Arrangements Of Minors In The Positive Grassmannian And a Triangulation of The Hypersimplex

TL;DR

This paper explores the combinatorial structure of minors in the positive Grassmannian, linking arrangements of equal minors to triangulations of the hypersimplex and revealing new geometric and order-theoretic properties.

Contribution

It extends the understanding of minors arrangements in the positive Grassmannian by connecting them to hypersimplex triangulations and introducing cubical distance and poset structures.

Findings

Second largest minors correspond to facets of the triangulation

Introduces cubical distance relating minors to triangulation structure

Largest minors induce a partial order on all minors

Abstract

The structure of zero and nonzero minors in the Grassmannian leads to rich combinatorics of matroids. In this paper, we investigate an even richer structure of possible equalities and inequalities between the minors in the positive Grassmannian.
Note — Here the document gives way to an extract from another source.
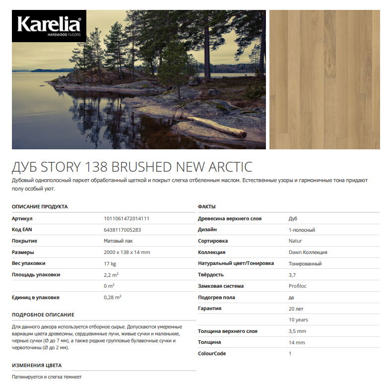 Покрытие лаком - покрытие глянцевым лаком служит деревянному полу надежной и продолжительной защитой. Полуматовый лак дополняет характер древесины, подчеркивая её натуральность. Матовый лак создает впечатление необработанного деревянного покрытия. Брашированная поверхность - обработка поверхности щеткой подчеркивает натуральную основу и текстуру древесины. Результат обработки щеткой зависит от породы дерева. Щетки изготавливаются из различных материалов разной степени жесткости. Обработка щеткой часто производится одновременно с другими видами обработки, такими как морение и нанесение фасок. Natur - в сортировке Natur древесина более разнообразная по текстуре и оттенкам. Естественные узоры и гармоничные тона придают полу особый характер. Встречаются единичные сучки, заболони отсутствуют. Profiloc 2G - замковая система Karelia Profiloc 2G позволяет уложить пол быстро и просто. Благодаря традиционной, самозапирающейся, бесклеевой системе Profiloc, доски пола плотно укладываются. Результатом является красивый пол с практически незаметными соединениями.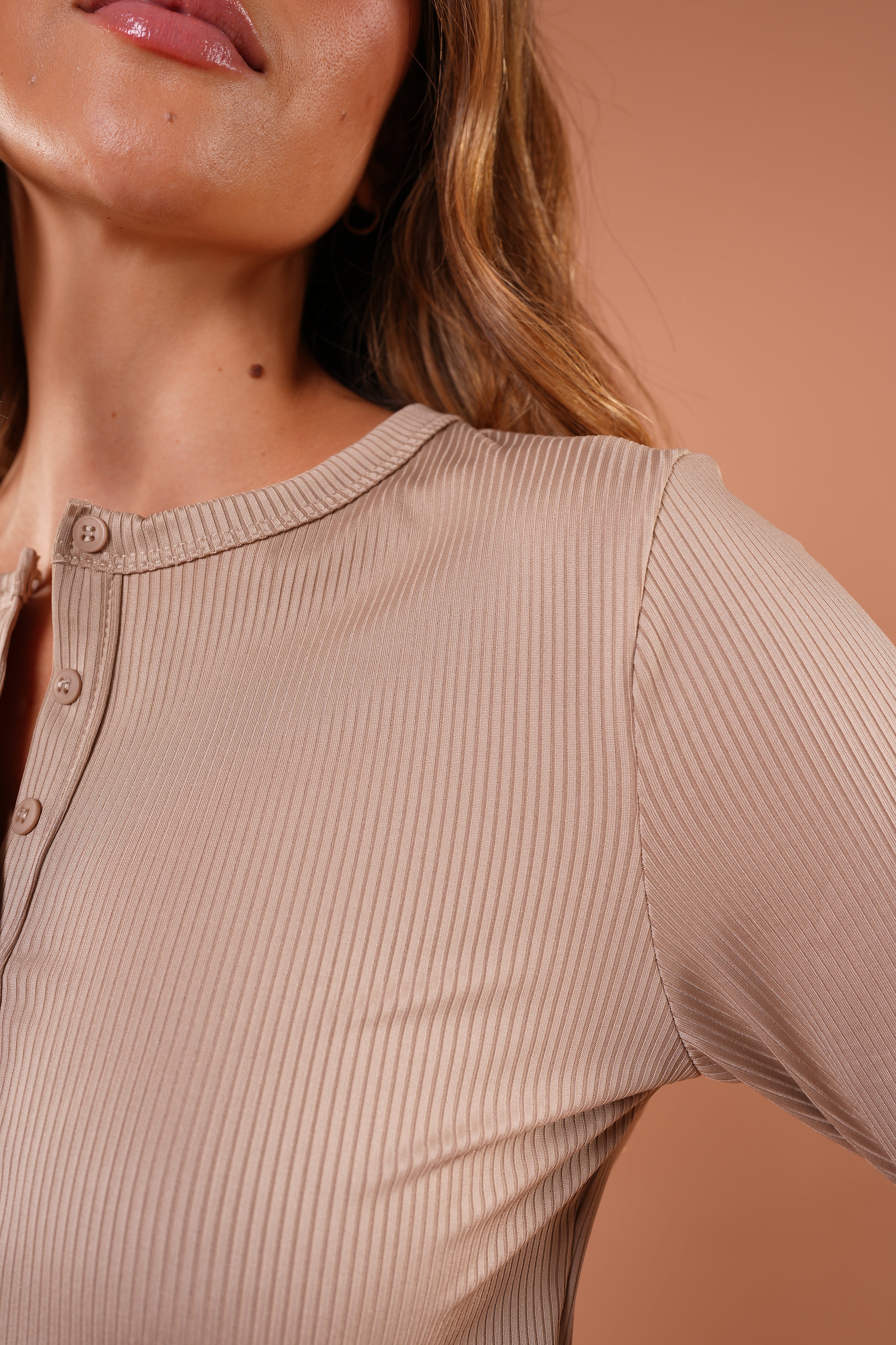 Camiseta Rib Manga Larga Taupe

It was previously shown that arrangements of equal minors of largest value are in bijection with the simplices in a certain triangulation of the hypersimplex that was studied by Stanley, Sturmfels, Lam and Postnikov. Here we investigate the entire set of arrangements and its relations with this triangulation. First, we show that second largest minors correspond to the facets of the simplices. We then introduce the notion of cubical distance on the dual graph of the triangulation, and study its relations with the arrangement of t-th largest minors. Finally, we show that arrangements of largest minors induce a structure of partially ordered sets on the entire collection of minors. We use the Lam and Postnikov circuit triangulation of the hypersimplex to describe a 2-dimensional grid structure of this poset.